While Washington struggles to implement modest health care reforms, a number of Latin American countries over the past decade have been changing their health systems in ways that may offer encouragement to advocates of progressive change in the United States.  Reforms in Brazil, Chile, Colombia, Mexico and others strive to provide universal care in circumstances that are, in some cases, much tougher than those facing proponents of Obamacare.  Some challenges and accomplishments include:

  • In Chile, after years of investment, about 73 percent of the population now uses the public health care system.  A Family Health Plan in Brazil, which accounts for US$2 billion of the US$3.5 billion of the government’s health budget each year, has contributed to expansion of health care participation to 70 percent of the population.  When Colombia passed a health care law in 1993, only 24 percent of its citizens had coverage; in 2007, it had reached 80 percent.  Mexico has gone from 40 percent in 2004 to about 70 percent.  (In the U.S., about 83 percent had access to health insurance as of 2010.)
  • Latin American elites, like their U.S. counterparts, have long resisted providing the resources needed to cover health care costs, either through workplace insurance or through paying taxes to support state provision of health services.  But Latin American experience shows that this reticence can be overcome.  Substantial taxes have been levied in recent years – such as a 7 percent health care tax in Chile – and, according to various databases, health-related spending has grown to almost 7 percent of GDP in Mexico, about 7 percent in Colombia, about 7.5 percent of GDP in Chile, and around 8 or 9 percent in Brazil.  (Health care spending accounts for about 18 percent of the U.S. GDP – about half from public spending.)

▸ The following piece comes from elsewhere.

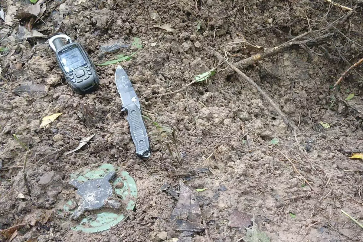 In this photo released by the Royal Thai Army, items litter the ground as Thai soldiers inspect a border area on Sunday, July 20, 2025, in Ubon Ratchathani province, where the Royal Thai Army said two anti-personnel landmines were found. (Royal Thai Army via AP)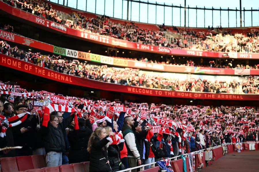 Strip out the Emirates and the aggregate drops to 37,516 across five fixtures — an average of 7,503. Strip out Old Trafford as well and the remaining four games averaged 3,133.

These Latin American governments have demonstrated that, Sí, se puede when it comes to reforming health care and challenging entrenched interests wary of change.  Spending is rising as a percentage of GDP, but expenditures remain a fraction of those in the U.S. – and the gap in quality of care is narrowing.  Latin Americans have expanded coverage at a time that access to good care in the United States remains a challenge for tens of millions of people.  The U.S. economy generates more than sufficient resources to guarantee health care for the entire population, but the Obama administration seems too weak to implement its tepid reforms on schedule – recently postponing an important mandate that large employers provide insurance coverage.  Health care providers in Latin America appear to be adapting to the new playing field, but their U.S. counterparts are lagging.  If Latin American leaders had advice for their U.S. counterparts on how to slay this dragon, it would probably involve taking note that reforms in the region invariably emerged from decisive leadership from the executive branch and, with the exception of Mexico, a willingness to increase tax burdens to expand coverage.  They would also note that, much like is evident in public opinion polling of Latino populations in the U.S., citizens of Latin American countries are overwhelmingly in favor of public guarantees of health services for all.